Paper Address: https://arxiv.org/pdf/2102.00240.pdf

11.2. Model Structure

Understanding the Attention Mechanism in Deep Learning - Part 2

11.3. Introduction

This is a paper published by Nanjing University at ICASSP 2021, which captures two types of attention: channel attention and spatial attention. The ShuffleAttention proposed in this paper mainly consists of three steps:

1. First, the input features are divided into groups, and then the features of each group are split into two branches to calculate channel attention and spatial attention, respectively. Both types of attention use trainable parameters (when I looked at the structure diagram, I thought it used FC here, but after reading the source code, I found that a set of learnable parameters is created for each channel) + sigmoid method for calculation.

2. Next, the results of the two branches are concatenated together, and merged to obtain a feature map that is consistent with the input size.

3. Finally, a shuffle layer is used for channel shuffle (similar to ShuffleNet[2]).

The authors conducted experiments on the classification dataset ImageNet-1K and the object detection dataset MS COCO, as well as instance segmentation tasks, showing that the performance of SA surpasses the current SOTA methods, achieving higher accuracy with lower model complexity.

11.4. Core Code

class ShuffleAttention(nn.Module):

    def __init__(self, channel=512,reduction=16,G=8):
        super().__init__()
        self.G=G
        self.channel=channel
        self.avg_pool = nn.AdaptiveAvgPool2d(1)
        self.gn = nn.GroupNorm(channel // (2 * G), channel // (2 * G))
        self.cweight = Parameter(torch.zeros(1, channel // (2 * G), 1, 1))
        self.cbias = Parameter(torch.ones(1, channel // (2 * G), 1, 1))
        self.sweight = Parameter(torch.zeros(1, channel // (2 * G), 1, 1))
        self.sbias = Parameter(torch.ones(1, channel // (2 * G), 1, 1))
        self.sigmoid=nn.Sigmoid()


    @staticmethod
    def channel_shuffle(x, groups):
        b, c, h, w = x.shape
        x = x.reshape(b, groups, -1, h, w)
        x = x.permute(0, 2, 1, 3, 4)

        # flatten
        x = x.reshape(b, -1, h, w)

        return x

    def forward(self, x):
        b, c, h, w = x.size()
        #group into subfeatures
        x=x.view(b*self.G,-1,h,w) #bs*G,c//G,h,w

        #channel_split
        x_0,x_1=x.chunk(2,dim=1) #bs*G,c//(2*G),h,w

        #channel attention
        x_channel=self.avg_pool(x_0) #bs*G,c//(2*G),1,1
        x_channel=self.cweight*x_channel+self.cweight #bs*G,c//(2*G),1,1
        x_channel=x_0*self.sigmoid(x_channel)
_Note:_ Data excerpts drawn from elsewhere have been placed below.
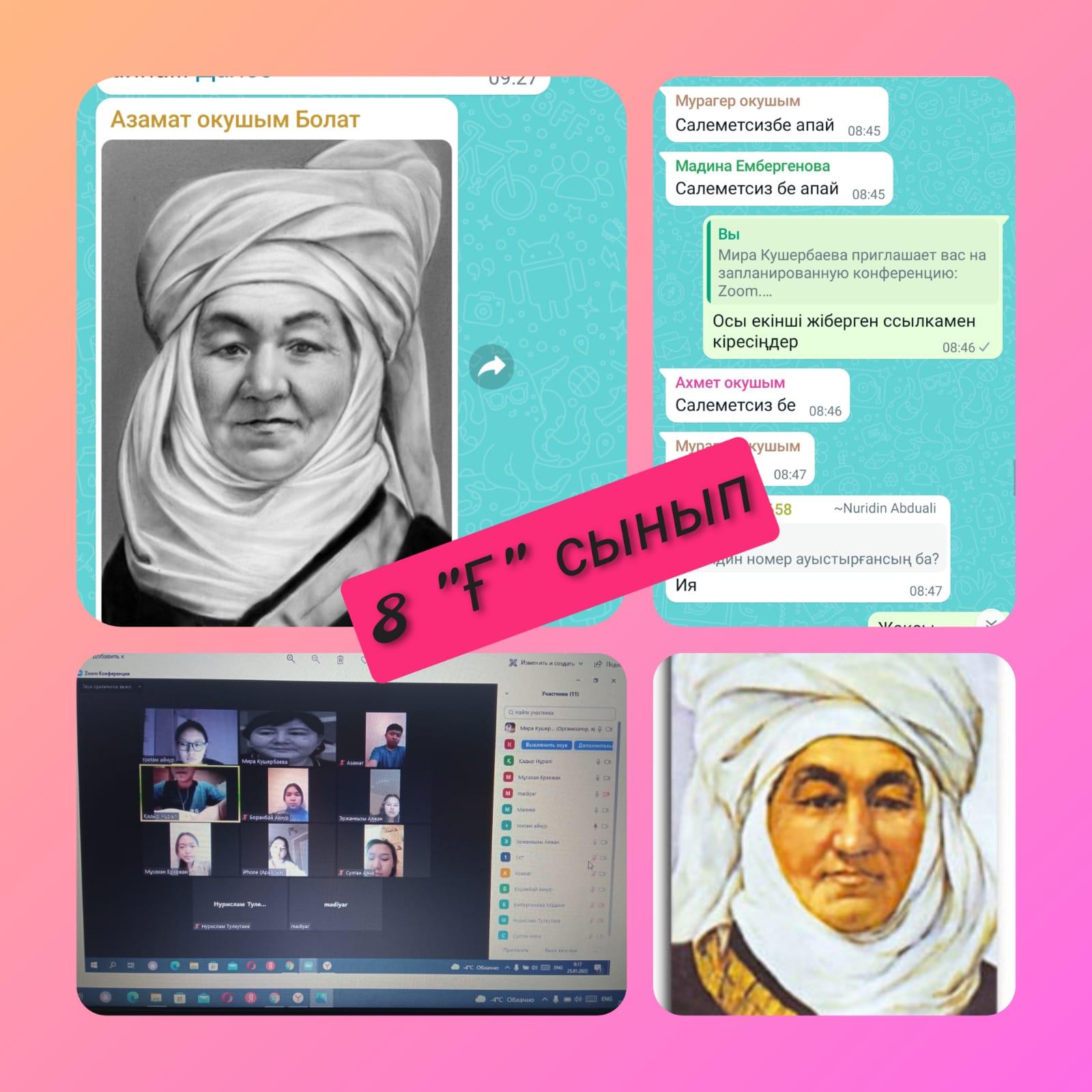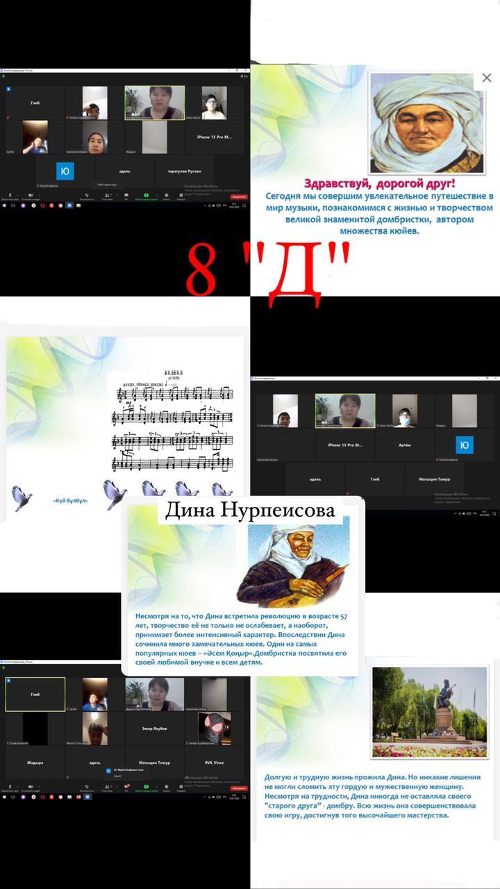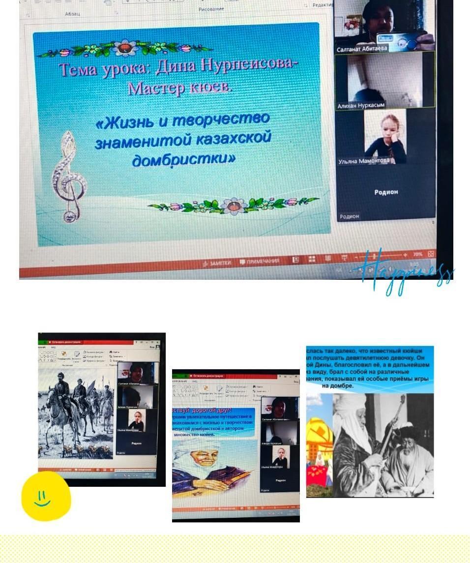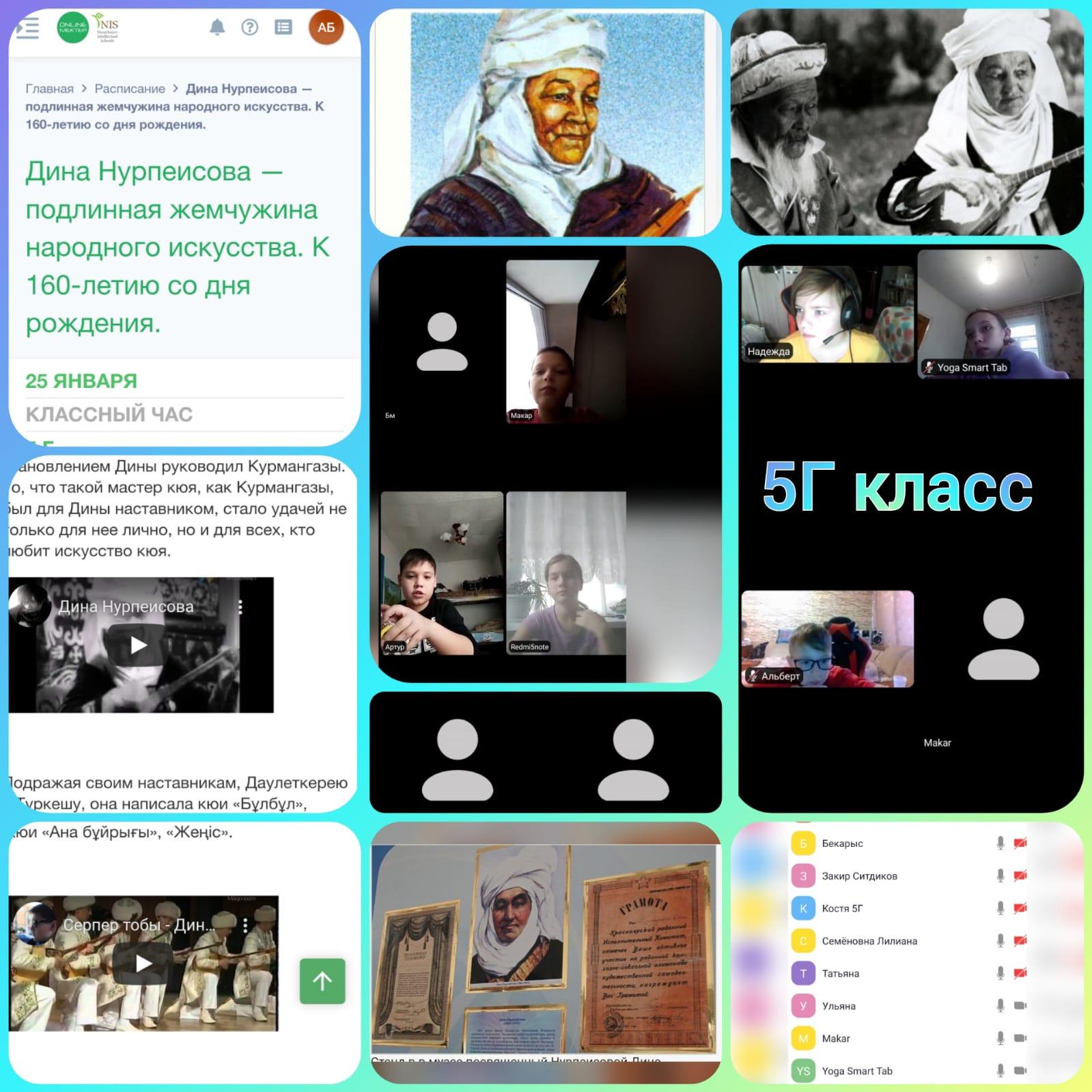 В рамках программы «Рухани жаңғыру», спецпроекта «Великие имена великой степи» сегодня 1 уроком прошли классные часы по теме "Творческое наследие Дины Нурпеисовой. При проведении мероприятий по программе «Рухани жаңғыру» классные руководители ознакомили обучающихся с великими и творческими людьми из Казахстана. Таким образом, у обучающихся формируется патриотическое сознание, любовь к Родине, почитание народного наследия, стремление к дальнейшему развитию творчества и следование примеру великих людей казахской степи.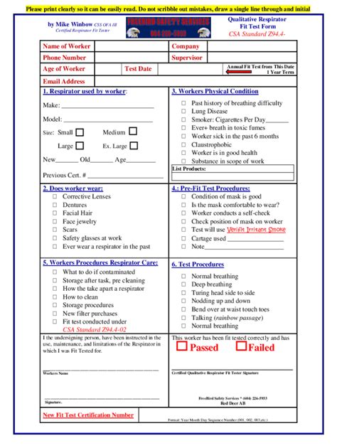 Respirator Fit Test Form
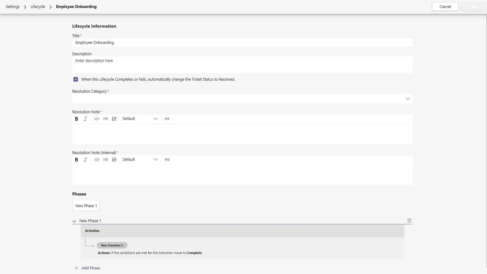 The Lifecycle creation wizard appears and you will see some values that you can enter for your new Lifecycle. A title for the Lifecycle is required and will help you identify it later should you need to make changes. If you chose to enter a description in the Description field, it will be displayed along with the title in the main Lifecycle settings view. Beneath the Description field is a checkbox that allows you to set whether to automatically change the ticket status to Resolved when the Lifecycle completes successfully, or fails due to a Task being marked as âFailedâ or an Approval being marked as âRejectedâ.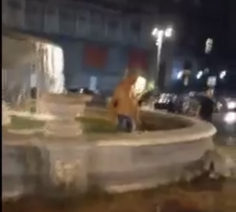 Napoli, turista fa il bagno nella fontana del centro: il video è virale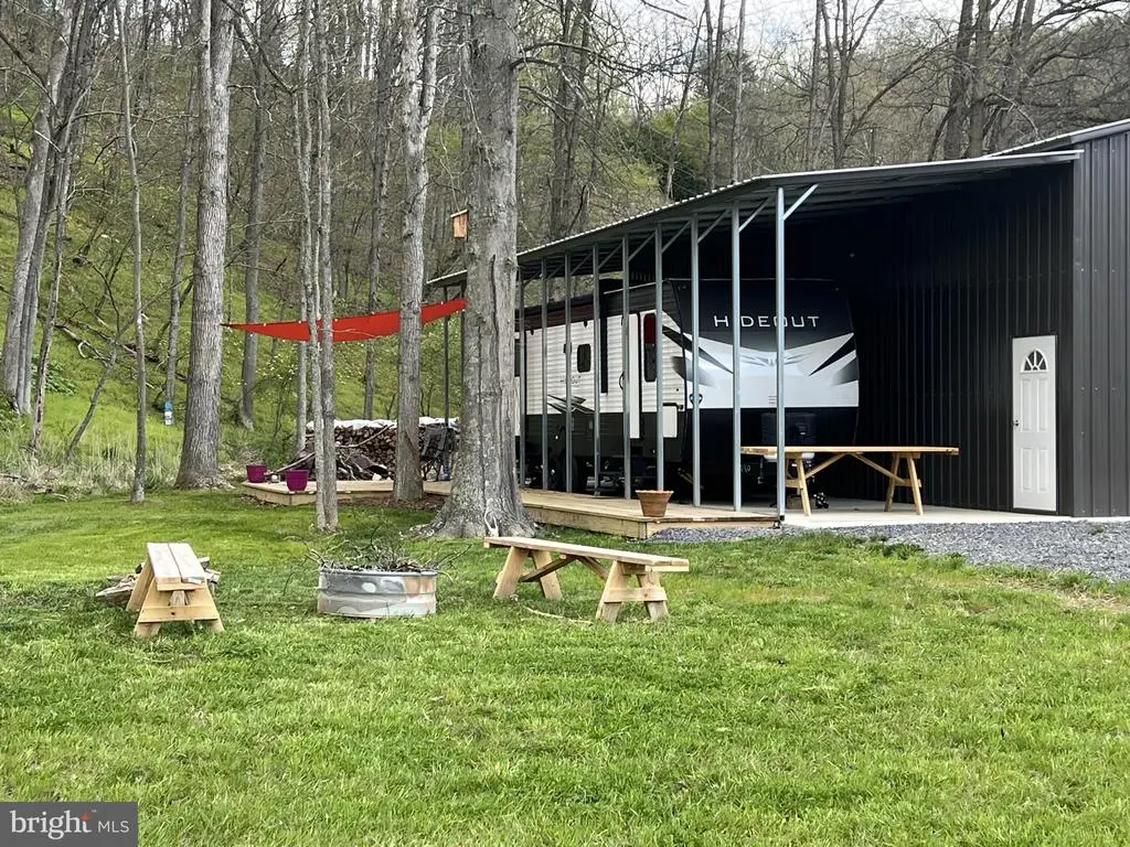 Escape to peaceful living on just under 234 riverfront acres on the Little Cacapon River, with beautiful mountain views and surrounded by nature. Enjoy the soothing sounds of a wet-water stream behind the barn, abundant wildlife, and exceptional birdwatching—plus unmatched stargazing under clear country skies with no artificial light in sight. This property is ideal for outdoor enthusiasts with walking and riding trails, a kayak launch, a picnic and firepit area (one by the river and one by the house site) and a 25x20 garden plot with a hydrant. A cleared home site is ready for your dream home, complete with two-year-old 110’ well and a three-bedroom-perc septic system are already in place. Paved state maintained road all the way to the gravel driveway. A permitted and built 30x50 steel barn adds tremendous value, featuring two 10’ garage doors, two man doors, two windows, and a heated utility room complete with a toilet, sink, pressure tank, and water filtration system. The barn includes full electric with a 200-amp panel and conduit already run to the house site. Enjoy outdoor cooking in the covered kitchen, with water, sewer and electricity. A 12x50 lean-to for camper parking makes it easy to live on -site, with an attached deck providing ample space for enjoying the outdoors. Located just 45 minutes from both Winchester and 2 hours from Washington, DC, this property offers the perfect blend of serenity and commuter convenience. Current house plans are available and have been approved by the county.

        #spatial attention
        x_spatial=self.gn(x_1) #bs*G,c//(2*G),h,w
        x_spatial=self.sweight*x_spatial+self.sbias #bs*G,c//(2*G),h,w
        x_spatial=x_1*self.sigmoid(x_spatial) #bs*G,c//(2*G),h,w

        # concatenate along channel axis
        out=torch.cat([x_channel,x_spatial],dim=1)  #bs*G,c//G,h,w
        out=out.contiguous().view(b,-1,h,w)

        # channel shuffle
        out = self.channel_shuffle(out, 2)
        return out
Python

11.5. Usage

from attention.ShuffleAttention import ShuffleAttention
import torch
from torch import nn
from torch.nn import functional as F


input=torch.randn(50,512,7,7)
se = ShuffleAttention(channel=512,G=8)
output=se(input)
print(output.shape)
Python

12. MUSE Attention

12.1. Citation

MUSE: Parallel Multi-Scale Attention for Sequence to Sequence Learning[3]

Paper Address: https://arxiv.org/abs/1911.09483

12.2. Model Structure

Understanding the Attention Mechanism in Deep Learning - Part 2

12.3. Introduction

This is a paper published by Peking University team in 2019 on arXiv, which mainly addresses the drawback of Self-Attention (SA) having only global capture capability. As shown in the figure below, when the sentence length increases, the global capture capability of SA weakens, leading to a decline in the final model performance. Therefore, the authors introduced 1D convolutions with multiple different receptive fields to capture multi-scale local attention, compensating for SA’s shortcomings in modeling long sentences.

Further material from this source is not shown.